The "finney71" data is included in this package, and your calculation of confidence intervals exactly matches the example given by the drc folks, down to the "# from MASS" comment. You should give credit to them, rather than claiming you wrote the code.
There's a few other ways to figure this out. One is using parametric bootstrap, which is conveniently available through the boot package.
First, we'll refit the model.
library(boot)
finney71 <- finney71[finney71$dose != 0,] # pre-clean data
fm1 <- glm(cbind(affected, total-affected) ~ log(dose),
family=binomial(link = logit),
data=finney71)
And for illustration, we can figure out the LD50 and LD75.
statfun <- function(dat, ind) {
mod <- update(fm1, data = dat[ind,])
coefs <- coef(mod)
c(exp(-coefs[1]/coefs[2]),
exp((log(0.75/0.25) - coefs[2])/coefs[1]))
}
boot_out <- boot(data = finney71, statistic = statfun, R = 1000)
The boot.ci function can work out a variety of confidence intervals for us, using this object.
boot.ci(boot_out, index = 1, type = c('basic', 'perc', 'norm'))
##BOOTSTRAP CONFIDENCE INTERVAL CALCULATIONS
##Based on 999 bootstrap replicates
##
##CALL :
##boot.ci(boot.out = boot_out, type = c("basic", "perc", "norm"),
## index = 1)
##Intervals :
##Level Normal Basic Percentile
##95% ( 3.976, 5.764 ) ( 4.593, 5.051 ) ( 4.607, 5.065 )
The confidence intervals using the normal approximation are thrown off quite a bit by a few extreme values, which the basic and percentile-based intervals are more robust to.
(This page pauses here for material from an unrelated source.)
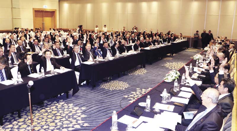 สมเกียรติ เหล่าทวีสุข นายกกิตติมศักดิ์เกียรติคุณถาวร พร้อมด้วย กิตติพงษ์ เตรัตนชัย นายกสมาคมฯ, ชวลิต ทวียนต์ชัย อุปนายกฯ, ชุณห์ คชพัชรินทร์ นายกกิตติมศักดิ์เกียรติคุณถาวร, สุพจน์ ศรีโรจนันท์ อุปนายก, สว่าง วงศ์ศรีรุ่งเรือง

One interesting thing to note: if the sign of the slope is sufficiently unclear, we can get some rather extreme values (simulated as in this answer, and discussed more thoroughly in this blog post by Andrew Gelman).
set.seed(1)
x <- rnorm(100)
z = 0.05 + 0.1*x*rnorm(100, 0, 0.05) # small slope and more noise
pr = 1/(1+exp(-z))
y = rbinom(1000, 1, pr)
sim_dat <- data.frame(x, y)
sim_mod <- glm(y ~ x, data = sim_dat, family = 'binomial')
statfun <- function(dat, ind) {
mod <- update(sim_mod, data = dat[ind,])
-coef(mod)[1]/coef(mod)[2]
}
sim_boot <- boot(data = sim_dat, statistic = statfun, R = 1000)
hist(sim_boot$t[,1], breaks = 100,
main = "Bootstrap of simulated model")
The delta method above gives us mean = 6.448, lower ci = -36.22, and upper ci = 49.12, and all of the bootstrap CIs give us similarly extreme estimates.
##Level Normal Basic Percentile
##95% (-232.19, 247.76 ) ( -20.17, 45.13 ) ( -32.23, 33.06 )